Configuration 2: Quality-First (~$42/100 episodes)

# Maximum quality via OpenAI (transcription + summarization).
transcription_provider: openai
openai_transcription_model: whisper-1
speaker_detector_provider: spacy            # F1 tied; skip the API call
ner_model: en_core_web_trf
summary_provider: openai
openai_summary_model: gpt-4o-mini           # v2 eval model; gpt-4o for top quality
openai_api_key: ${OPENAI_API_KEY}

Configuration 3: Privacy-First ($0)

# Data never leaves your device.
transcription_provider: whisper             # Local
whisper_model: small.en                     # 9.5% WER sweet spot
speaker_detector_provider: spacy            # Local spaCy trf > qwen3.5:9b NER (F1 1.0 vs 0.75)
ner_model: en_core_web_trf
summary_provider: ollama                    # Local Ollama
ollama_summary_model: qwen3.5:9b            # v2 local champion
llm_pipeline_mode: bundled                  # Stabilises Ollama JSON output

Configuration 4: Speed-First (~$0.25/100 episodes)

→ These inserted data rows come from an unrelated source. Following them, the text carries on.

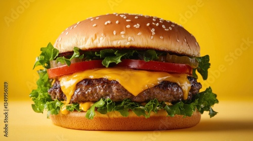 Freshly made cheeseburger with vibrant toppings on a bright background
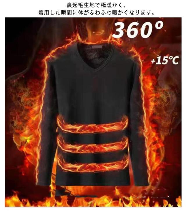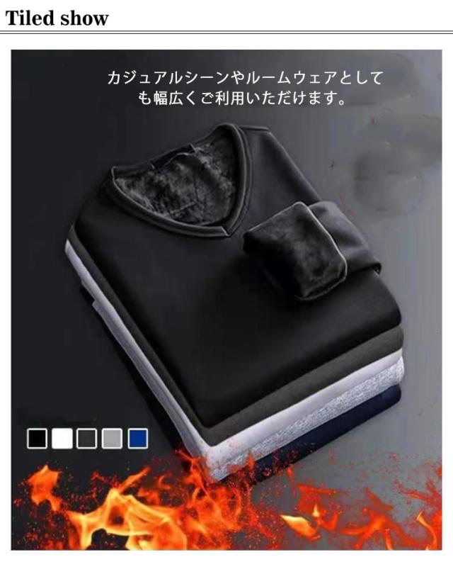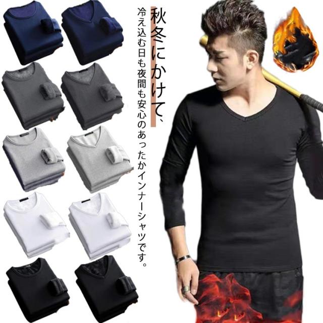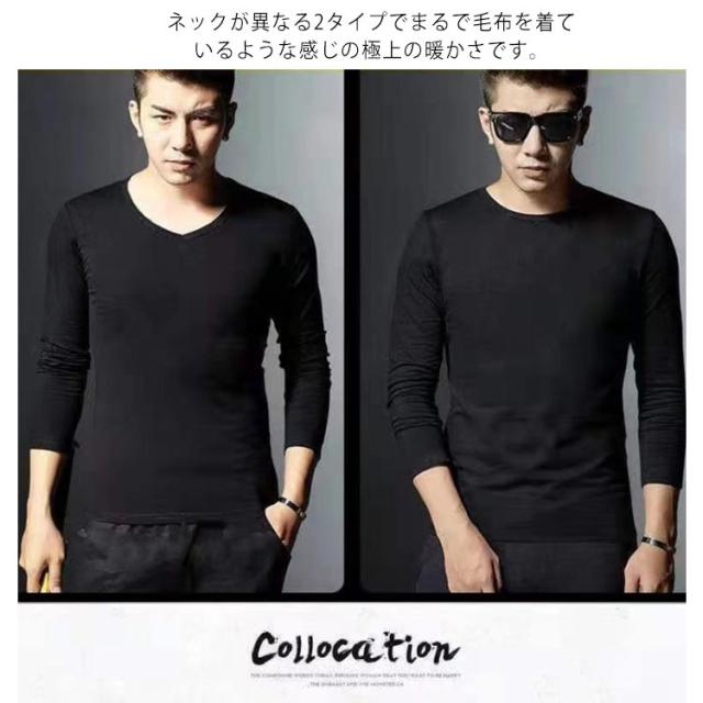 あったか 肌着 保温 Tシャツ 大きいサイズ カットソー インナー 秋冬 メンズ クルーネック Tシャツ 厚手 裏起毛 防寒着 スリム 発熱 アンダーウェア 長袖 Vネック
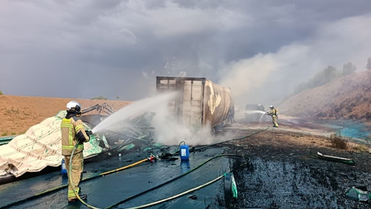 Suite à d'un accident entre un camion et une fourgonnette,un incendie phénoménal et rampant sur l'A-23 (autoroute mudéjar) s'est produit près de Cariñena, Saragosse en Espagne. https://vk.com/video647796984_456246719 https://vk.com/video647796984_456246720
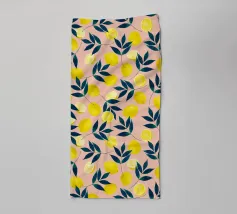 Sommerliches Design mit großen Zitronen auf rosa Hintergrund – fröhliches Muster bringt Frische und gute Laune ins Badezimmer.
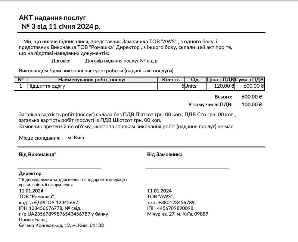 We enter all data, goods, and services, and then click the "Confirm" button.
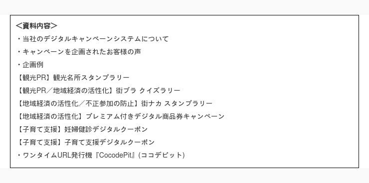 資料をご希望の方は、下記サイトのお問い合わせフォームより「【自治体向け】デジタルキャンペーン企画例集送付希望」と記載の上、お申し込みいただくか電話にて問合せください。
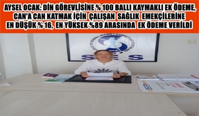 Aysel Ocak açıklamasına şöyle devam etti. “Sağlık emekçilerinin bu zor koşullarda çalışmalarını izleyen Sağlık Bakanı Fahrettin KOCA ‘Sağlık çalışanlarımıza; minnettarız hakları ödenmez’ demiş ve yine ödememiştir. Son yayınlanan Ek ödeme genelgesi ile bizleri ne kadar anladığı ve nasıl empati kurduğunu üzülerek gördük. Sağlık çalışanlarına üç ay tavandan ek ödeme yapılacağı açıklanmış toplumda çok para alıyorlar algısı yaratılmıştır. Genelgeyi incelediğimizde ek ödeme kat sayı oranları, sağlık hizmetleri sınıfında en düşük oranın %16 ,en yüksek oranın %89 arasında olduğu, din hizmetleri görevlilerine ise %100 ek ödeme kat sayı oranı uygulandığı görülmüştür. Bu oranlar bürüt maaş üzerinden hesaplandığı için Covid-19 çalışma alanı dışında kalanlar çok az ek ödeme alabilecek yada hiç alamayacaktır” diye açıklamada bulundu.
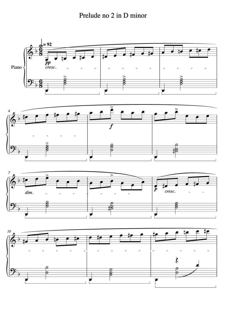 - IntroductionPrelude No. 2 in D minor, Sheet Music is F Major, Composer by Ean Gunter and Arr.Delard,Suitable for all Users to play learning.
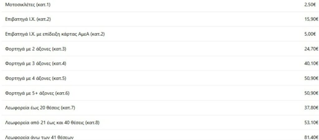 Για τα επιβατικά Ι.Χ., η αύξηση ανέρχεται σε 0,50 ευρώ, με την απλή διέλευση χωρίς χρήση e-pass να διαμορφώνεται πλέον στα 15,90 ευρώ, από 15,40 ευρώ που ίσχυε έως σήμερα. Αντίθετα, η τιμή για τις μοτοσυκλέτες παραμένει αμετάβλητη στα 2,50 ευρώ.
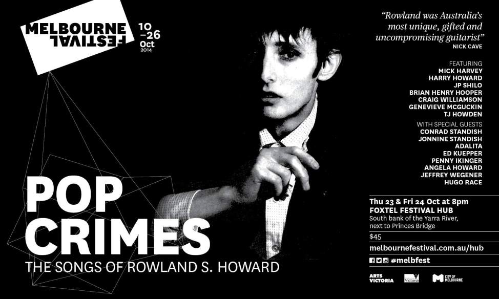 Note: First in the "Pop Crimes" tribute series. Event line-up: Mick Harvey (guitar,drums,vocals)/ Brian Henry Hooper (bass)/ Harry Howard (bass,vocals)/ Tim J.Howden (violin)/ Genevieve McGuckin (keyboards)/ Conrad Standish (vocals)/ Jonnine Standish (vocals)/ JP Shilo (guitar,vocals) and Craig Williamson (drums). Set times on "Stage One @ The Palais: The UV Race: 1.30pm – 2.15pm, The Twerps: 2.45pm – 3.45pm, Pop Crimes – The Songs of Rowland S. Howard: 4.15pm – 5.15pm, Television perform "Marquee Moon" album: 5.45pm – 6.45pm, The Scientists: 7.15pm – 8pm, Fuck Buttons: 8.25pm – 9.15pm and The Breeders perform "Last Splash" album: 9.45pm – 10.45pm.
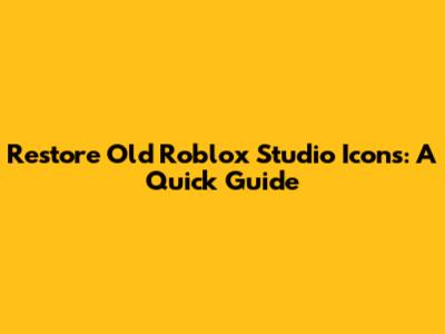 Restore Old Roblox Studio Icons: A Quick Guide

# Fast cloud summarization via Grok.
transcription_provider: whisper             # Local (Grok no transcription API)
whisper_model: small.en
speaker_detector_provider: spacy            # Free, tied F1 on smoke
ner_model: en_core_web_trf
summary_provider: grok
grok_summary_model: grok-3-mini             # Eval-validated; grok-2/grok-beta are stale IDs
grok_api_key: ${GROK_API_KEY}

Configuration 5: EU Compliant (Mistral)

# European data residency end-to-end (Mistral has its own transcription).
transcription_provider: mistral
mistral_transcription_model: voxtral-mini-latest
speaker_detector_provider: spacy            # Free, tied F1 on smoke
ner_model: en_core_web_trf
summary_provider: mistral
mistral_summary_model: mistral-large-latest
mistral_api_key: ${MISTRAL_API_KEY}

Configuration 6: Free Development (~$0)

# Maximize free tiers. Gemini free tier covers transcription + summary.
transcription_provider: gemini              # Gemini has audio input
gemini_transcription_model: gemini-2.5-flash-lite
speaker_detector_provider: spacy            # Free, tied F1 on smoke
ner_model: en_core_web_trf
summary_provider: gemini
gemini_summary_model: gemini-2.5-flash-lite
gemini_api_key: ${GEMINI_API_KEY}

Summary β€” v2 held-out key takeaways

See eval-reports/EVAL_HELDOUT_V2_2026_04.md for the full matrix. Headline findings:

Axis Winner Score / note
Cheapest cloud DeepSeek $0.016/100 eps, leads bullets non-bundled (43.1%)
Compound-scored cloud default Gemini 2.5-flash-lite Non-bundled: 0.564/0.479 bullets/para, 1.5s/ep, $0.47/1k eps
Best cloud bundled Anthropic claude-haiku-4-5 Only provider where bundled is competitive (39.3% bullets, 39.2% para)
Best local qwen3.5:9b bundled 0.529/0.509 bullets/para, ~44s/ep, $0
EU residency Mistral End-to-end: voxtral-mini-latest transcription + mistral-large-latest
Real-time info Grok X/Twitter integration
Local bullets leader (non-bundled) qwen3.5:9b 0.580 β€” beats qwen3.5:35b (0.576) at 1/4 the size

Cost insight: transcription is 90%+ of cloud pipeline cost. Local Whisper small.en + cloud summarization is the high-leverage combination. Per-provider cost numbers are in EVAL_HELDOUT_V2; older v1 numbers in this guide are superseded.

Rankings change when the silver reference changes β€” Sonnet 4.6 silver favours verbose paragraph style; different silvers may produce different orderings. See eval methodology for detail.